** Opening Listed records block **

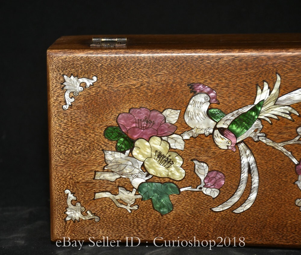 11.2" Old Chinese Huali Wood Inlaid Shell Carving Flower Bird Jewelry box . Very Rare and high Value for collection ! We are deal business on antique over 30 years now and very happy to showing our collection items on ebay for learning together. In our collection, The difference kinds of Old wood carving Sculpture or Furniture . Natural Jade Carving , Antique Hongshan Culture Statue or Pendant , Shoushan Stone carving or seals. Antique porcelain vase or vessel. Tibet Buddhism Religion Items is our specialty.We experienced, vision, provides the high-quality service for you Please add us to your Favorite seller and enjoy order. 20210522JIA Description Note: All the items in my store are genuine and original as ebay photos when you receive so Please bid with confidence and if you have any question please feel free to Email/Message me. Package will be shipped in 24 hours and 30 days return was accepted. 100% payment Guarantee ! If you have any questions, or when you want to submit a dispute case, please send an e-mail first, I will reply within 12 hours, all the problems can be solved, I accept the return money and 100% refund , so that all customers satisfaction is my request. size: Height:4 inch Width: 11.2 inch Thickness: 0.6 inch weight with packaging round 1.5 kg Shipping cost to all over the world in free cost ! Payment Only accept paypal payments. Delivery details shipping to USA : about 7-15 days to arrive. International shipping: about 10-20 days to arrive. Terms of sales A: No, no reason to accept any return. If you need to return it, you must bear the return shipping! We are trying to resolve easily. Please go ahead to contact us if you have any problem. We will resolve asap. B: Please do not leave neutral feedback or negative feedback for any reason, because we will try best to resolve well for your happy and we believe any mistake or misunderstand able to fixed. Thanks . C: honest, trustworthy, peace, to every buyer good shopping experience is our aim, wish for world peace! Combine Discount We recommend the combine shipping , If you won more items once that we will give you a 5 -20% discount off Original price ( Start from second item ) , Discount standard as follow : Buy 2-3 items once we can offer you the 10% discount on Total cost , Buy 4-6 items once we can offer you the 15% discount on Total cost , Buy 7-10 items able to get 20% discount on Total cost. Over 10 items please feel free to email us request for especially price ! Contact us Please pay within 7 days of purchase, otherwise, ebay will automatically open unpaid case. If you have any question, please contact us, we will give you the answer in a timely manner.
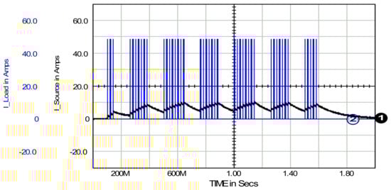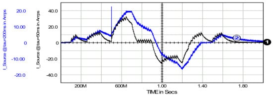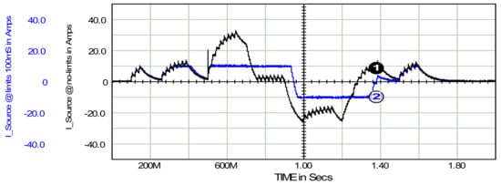 Figure 5 shows source and load currents for a combination of constant load and PWM-controlled load, waveforms 1 and 2, respectively. The following parameters of the currents shown were obtained: source current for the time period 100 ms–1.8 s: 17.7 A rms and 10.9 A std-dev; and load current for the time period 100 ms–1.3 s: rms and std-dev 27.6 A and 19.54 A, respectively. The time constant τ was set to 50 ms. Similar to the case shown in Figure 4, these data confirm the reduction of the source loading due to the SAPF compensation for the non-active component of the load current, see (8).
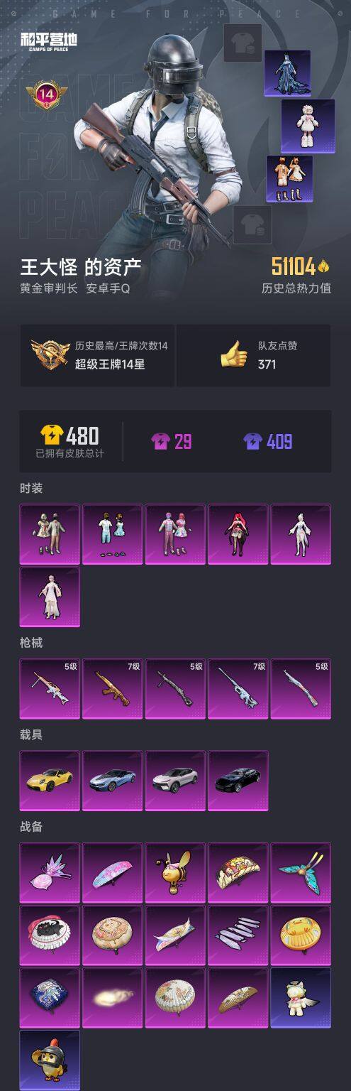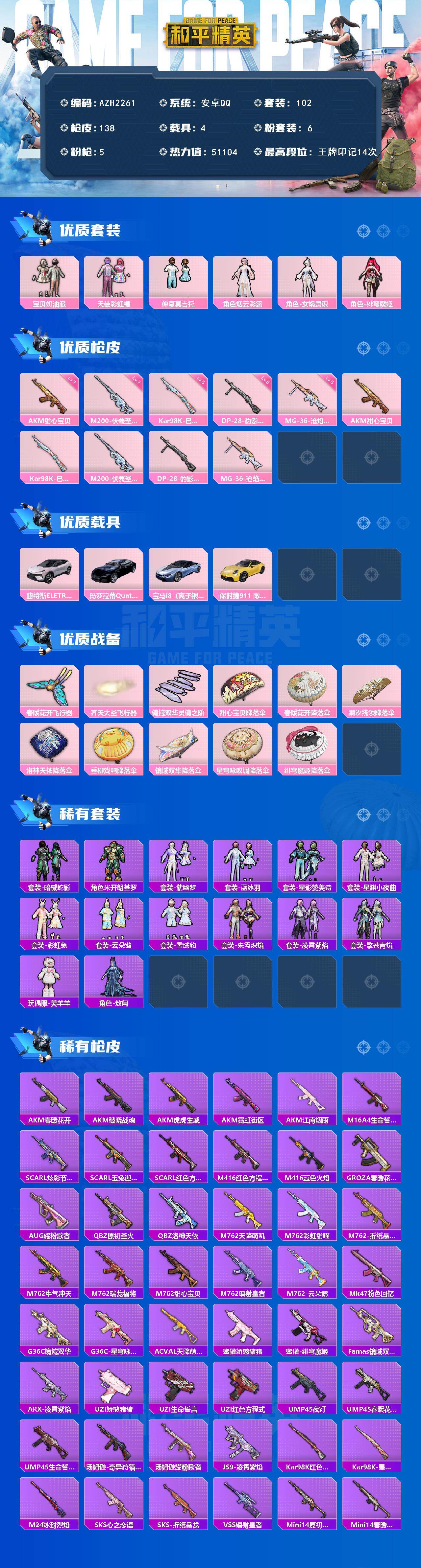 【AZH2261】安卓 手Q【14印记 宝贝奶油派 天使彩虹糖 仲夏莫吉托 女娲灵识 美羊羊 满级甜心宝贝AKM 满级伏羲圣卦M200 4载具】6粉装-5特效枪-4载具-5粉色飞行器-51104热力值-14王牌印记-102套装-138枪皮
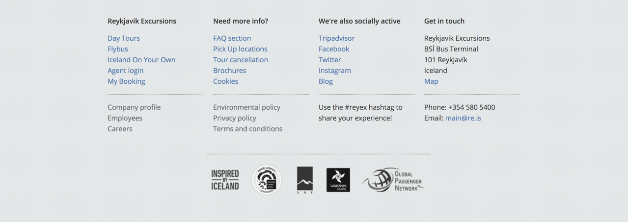 대부분의 사이트는 푸터에 연락처, 구독, 가입, 공유, 이용약관, 인쇄 같은 유틸리티 내비게이션을 포함해요. 이차적인 액션과 툴인데요. 웹사이트 방문자의 만족도와 사용자 경험에 강력한 영향을 미칩니다.
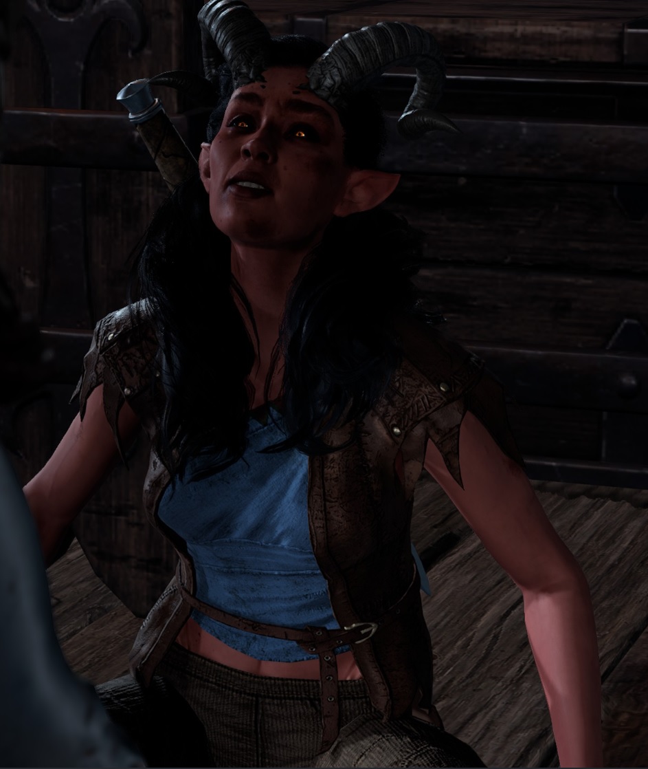 Pandirna is one of the tiefling refugees seeking shelter at the Emerald Grove in Act One. With her legs paralysed from a dodgy brew, she is given the duty to guard the refugees' storage hut.

** Closing Listed records block **

- **Task objective**:
Without including any pictures, set down word for word every line from the one containing "대부분의 사이트는 푸터에" through the last line of the material.

- **Your solution**:
 대부분의 사이트는 푸터에 연락처, 구독, 가입, 공유, 이용약관, 인쇄 같은 유틸리티 내비게이션을 포함해요. 이차적인 액션과 툴인데요. 웹사이트 방문자의 만족도와 사용자 경험에 강력한 영향을 미칩니다.
 Pandirna is one of the tiefling refugees seeking shelter at the Emerald Grove in Act One. With her legs paralysed from a dodgy brew, she is given the duty to guard the refugees' storage hut.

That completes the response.